TLDR: A former engineer in Southern California has been arrested for stealing trade secret technology designed to detect nuclear missile launches and track missiles. Chenguang Gong, a Chinese native who became a US citizen in 2011, allegedly transferred more than 3,600 files from a research and development company to his personal storage devices. The stolen files included blueprints for infrared sensors used in space-based systems, as well as sensors used in military aircraft. The victim company, along with the US government, has invested significantly in developing this technology over the past seven years. If the technology were obtained by competitors, it could be economically damaging to the company and a security threat to the US.
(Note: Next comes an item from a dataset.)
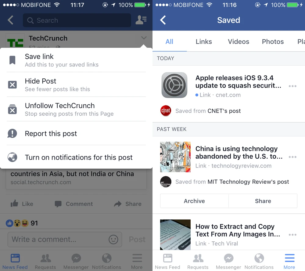 Khi sử dụng Facebook, bạn có thể lưu lại các bài viết, liên kết trang hoặc video để xem lại sau bằng cách chạm vào biểu tượng mũi tên ở góc phải bài viết và chọn Save link (lưu liên kết) hoặc Save video (lưu video). Nếu muốn xem lại những thứ đã lưu, người dùng chỉ cần vào mục More (thêm) > Saved (đã lưu).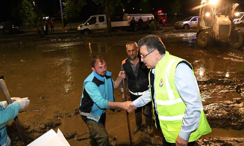 Trabzon Büyükşehir Belediye Başkanı Ahmet Metin Genç (sağda), kentte şiddetli yağışlar sonucu oluşan sel ve su taşkınlarından etkilenen bölgelerde incelemelerde bulundu.

A former engineer at a Southern California company has been arrested on federal charges alleging he stole trade secret technologies developed for use by the United States government to detect nuclear missile launches and to track ballistic and hypersonic missiles, the Justice Department announced today. Chenguang Gong, 57, of San Jose, California, was arrested Tuesday morning. Gong, who is a native of China and became a United States citizen in 2011, is being held in custody until a detention hearing scheduled for later today. Gong is charged in a criminal complaint with theft of trade secrets.

According to court documents unsealed today, Gong transferred more than 3,600 files from a Los Angeles-area research and development company where he worked – identified in court documents as the victim company – to personal storage devices during his brief tenure with the company last year. The files Gong allegedly transferred include blueprints for sophisticated infrared sensors designed for use in space-based systems to detect nuclear missile launches and track ballistic and hypersonic missiles, as well as blueprints for sensors designed to enable U.S. military aircraft to detect incoming heat-seeking missiles and take countermeasures, including by jamming the missiles’ infrared tracking ability. Some of these files were later found on storage devices seized from Gong’s temporary residence in Thousand Oaks, according to the affidavit in support of the complaint.

Together with the United States government and others, the victim company “has invested tens of millions each year for more than seven years to develop the technology,” the affidavit states, and it “would be extremely damaging economically” to the victim company if the technology were obtained by its competitors and “dangerous to U.S. national security if obtained by international actors.”